In 1966, cartoonist Woody Gelman discovered the original artwork for many Little Nemo at a cartoon studio where McCay's son Bob had worked. Many of the recovered originals were displayed at the Metropolitan Museum of Art under the direction of curator A. Hyatt Mayor. In 1973, Gelman published a collection of Little Nemo strips in Italy. His collection of McCay originals has been preserved by the Billy Ireland Cartoon Library & Museum at Ohio State University.

"It is as though the first creature to emerge from the primeval slime was Albert Einstein; and the second was an amoeba, because after McCay's animation it took his followers nearly twenty years to find out how he did it. The two most important people in animation are Winsor McCay and Walt Disney, and I'm not sure which should go first."

Animator Chuck Jones

McCay's work, grounded solidly in his understanding of realistic perspective, presaged the techniques featured in Walt Disney's feature films. Disney paid tribute to McCay in 1955 on an episode of Disneyland. The episode, "The Story of Animated Drawing", gave a history of animation, and dramatized McCay's vaudeville act with Gertie. Robert was invited to the Disney studios as a consultant on the episode, where Walt Disney told him, "Bob, all this should be your father's".

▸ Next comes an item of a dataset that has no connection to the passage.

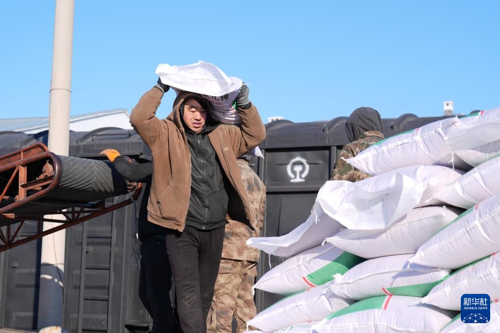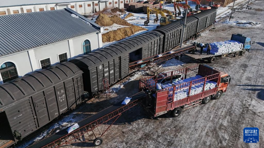 2月20日,在位于双鸭山市的北大荒农业股份有限公司友谊分公司铁路农资货运专用线货运站,工人进行化肥卸车转运作业。

Animator John Canemaker produced a film in 1974 called Remembering Winsor McCay, narrated by McCay's animation assistant John Fitzsimmons. Canemaker helped coordinate the first retrospective of McCay's films at the third International Animation Film Festival in 1975 in New York, which led to a film show at the Whitney Museum of American Art in winter 1975–76. Canemaker also wrote a biography in 1987 called Winsor McCay: His Life and Art. In 2005, a revised and expanded version of the biography was released, which comics scholar Jeet Heer called "far and away the most scholarly and intelligent biography ever written about an American cartoonist". Heer wrote that McCay's strength was in his visuals, but that his writing and characters were weak.

Federico Fellini read Little Nemo in the children's magazine Il corriere dei piccoli, and the strip was a "powerful influence" on the filmmaker, according to Fellini biographer Peter Bondanella. Comics historian R. C. Harvey has called McCay "the first original genius of the comic strip medium" and in animation. Harvey claims that McCay's contemporaries lacked the skill to continue with his innovations, so that they were left for future generations to rediscover and build upon. Cartoonist Robert Crumb called McCay a "genius" and one of his favorite cartoonists. Art Spiegelman's 1974 "Real Dream" strip was partially inspired by Rarebit Fiend and his In the Shadow of No Towers in 2004 appropriated some of McCay's imagery, and included a page of Little Nemo in its appendix. Cartoonist Kim Deitch's The Boulevard of Broken Dreams revolved around a character named Winsor Newton, based on an aged McCay.